Task goal >>
Could you copy the records below exactly, leaving out any pictures they include?

Data under study >>
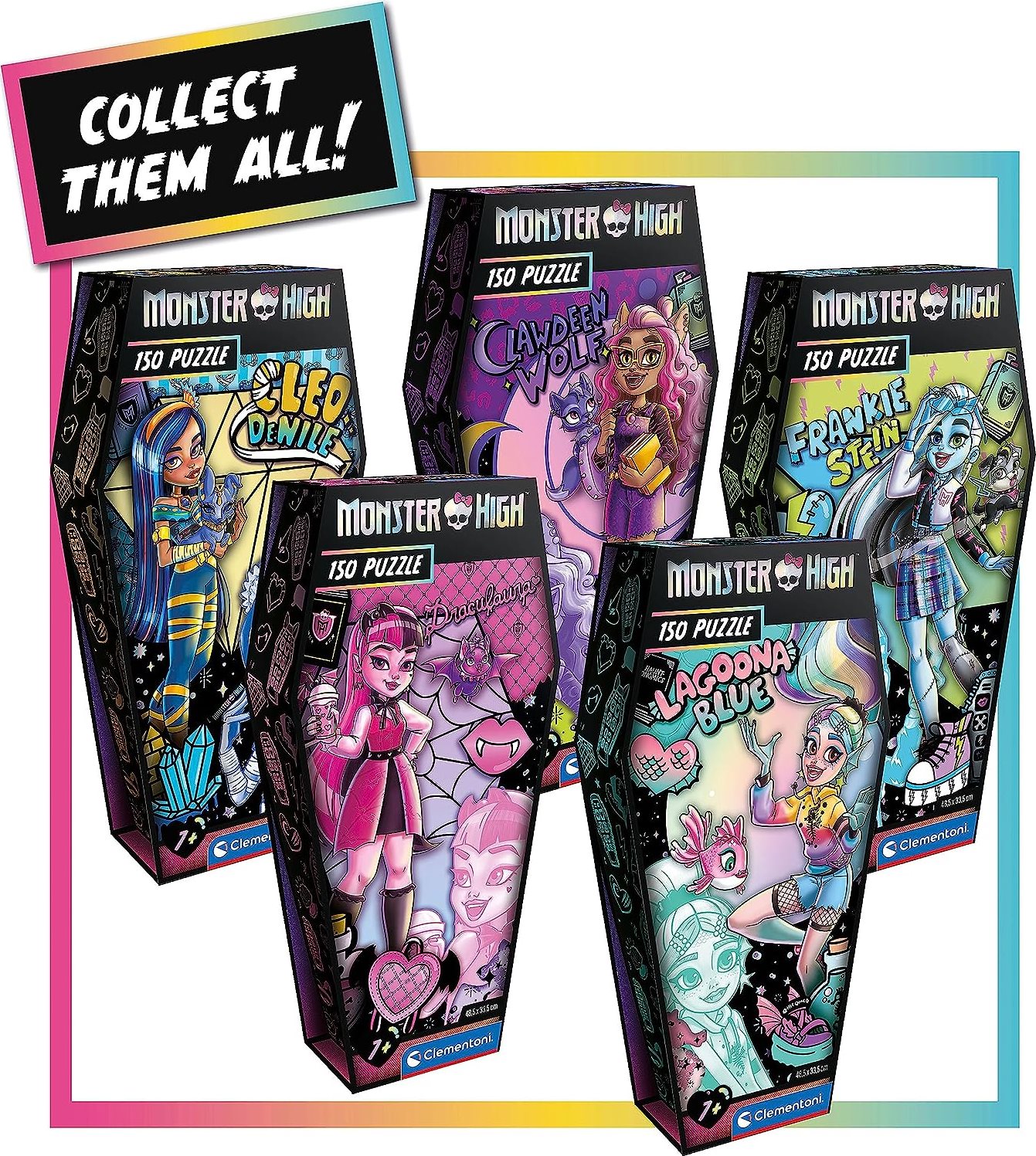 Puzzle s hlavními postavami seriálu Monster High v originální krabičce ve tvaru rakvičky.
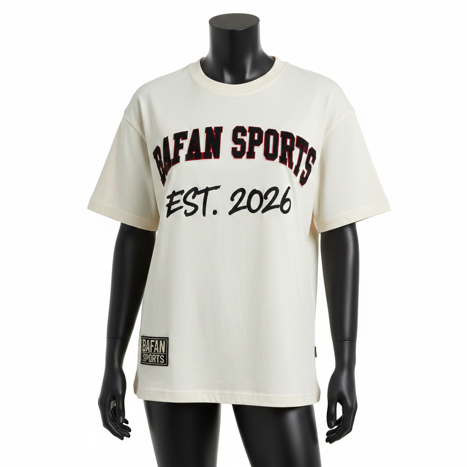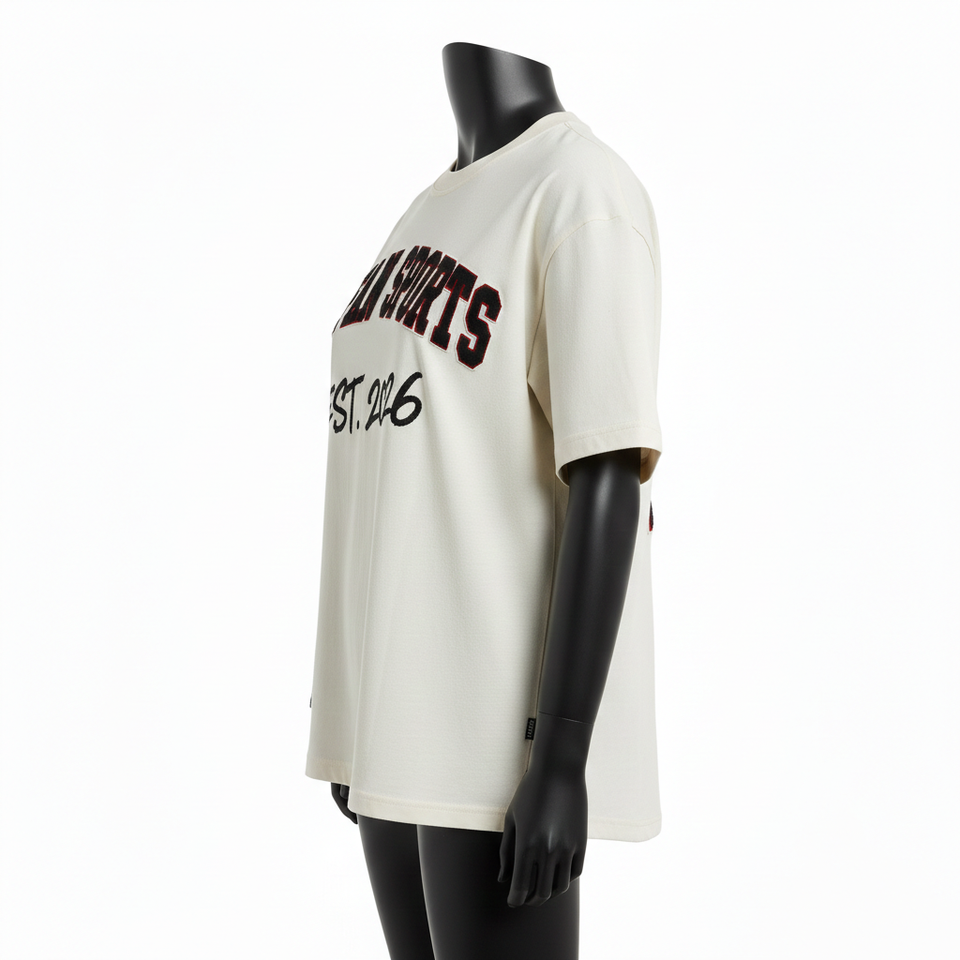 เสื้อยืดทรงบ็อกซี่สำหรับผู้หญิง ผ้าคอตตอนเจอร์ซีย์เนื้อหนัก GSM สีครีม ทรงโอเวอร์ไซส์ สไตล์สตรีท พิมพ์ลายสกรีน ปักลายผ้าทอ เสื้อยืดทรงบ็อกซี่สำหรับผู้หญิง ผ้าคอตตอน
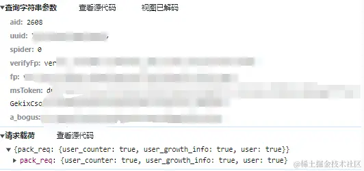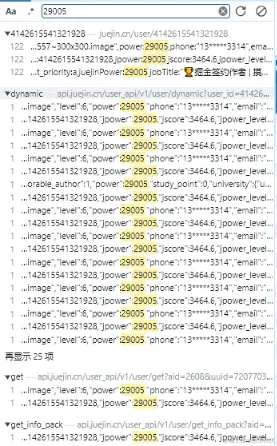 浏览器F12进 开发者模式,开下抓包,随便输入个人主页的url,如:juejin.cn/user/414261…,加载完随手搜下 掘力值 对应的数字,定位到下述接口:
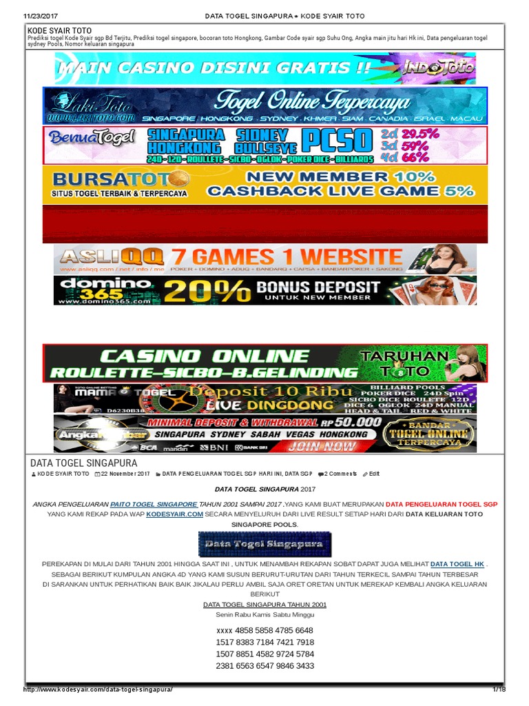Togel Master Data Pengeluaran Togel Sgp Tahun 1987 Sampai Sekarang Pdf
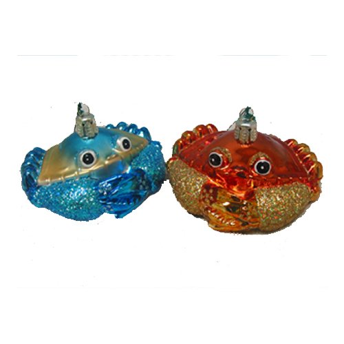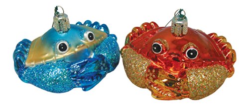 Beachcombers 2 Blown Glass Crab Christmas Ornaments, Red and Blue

Exercise result >>
 Puzzle s hlavními postavami seriálu Monster High v originální krabičce ve tvaru rakvičky.
 เสื้อยืดทรงบ็อกซี่สำหรับผู้หญิง ผ้าคอตตอนเจอร์ซีย์เนื้อหนัก GSM สีครีม ทรงโอเวอร์ไซส์ สไตล์สตรีท พิมพ์ลายสกรีน ปักลายผ้าทอ เสื้อยืดทรงบ็อกซี่สำหรับผู้หญิง ผ้าคอตตอน
 浏览器F12进 开发者模式,开下抓包,随便输入个人主页的url,如:juejin.cn/user/414261…,加载完随手搜下 掘力值 对应的数字,定位到下述接口:
Togel Master Data Pengeluaran Togel Sgp Tahun 1987 Sampai Sekarang Pdf
 Beachcombers 2 Blown Glass Crab Christmas Ornaments, Red and Blue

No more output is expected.